Figure 7: Built-In WordPress exploit

We identify the identical URL (highlighted in green in Figure 7) within publicly available exploit code on Exploit-DB, aligning the exploit code found on Exploit-DB with the exploit code contained within the malware sample. Same URL as in the Built-In exploit above

Figure 8: Same URL as in the Built-In exploit above

In addition to numerous other exploits not discussed in this blog post, we also uncover a list of hardcoded username/password combinations utilized for brute-forcing login pages. List of username/password combination

Figure 9: List of username/password combination

And the moral of the story is …

  • Patch Management: It is crucial to promptly patch your externally facing applications and devices to mitigate potential security vulnerabilities. Regularly updating software and firmware helps safeguard against emerging threats and enhances overall system security.

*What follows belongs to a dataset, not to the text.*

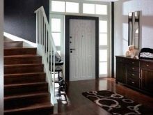 Входната врата изглежда красива и стилна, съчетавайки цвета с пода на тази или онази стая. Следователно врата с идентичен нюанс е идеална за тъмен под. Не е задължително да е точно същия цвят като пода. Цветовата му схема може да бъде близка до подовата палитра и тогава те ще изглеждат като една композиция..

  • DNS Logging (Crypto Mining): Whenever I analyze a crypto miner infection, I must think about Florian’s tweet. List of username / password combination

  • EDR all assets: Whenever possible, deploy an Endpoint Detection and Response (EDR) agent or leverage agentless solutions to continuously monitor your devices and hosts for signs of compromise.

Outlook

In an upcoming blog post, we will explore the intersection of system monitoring and security in Linux environments, focusing on the tools Sysmon for Linux and Kunai. Sysmon for Linux, an adaptation of Microsoft’s renowned Sysinternals tool, brings powerful system monitoring capabilities to Linux systems. Meanwhile, Kunai, offers a comprehensive solution for analyzing, correlating, and responding to security events in real-time. By combining the capabilities of Sysmon for Linux and Kunai,we can proactively identify suspicious activities.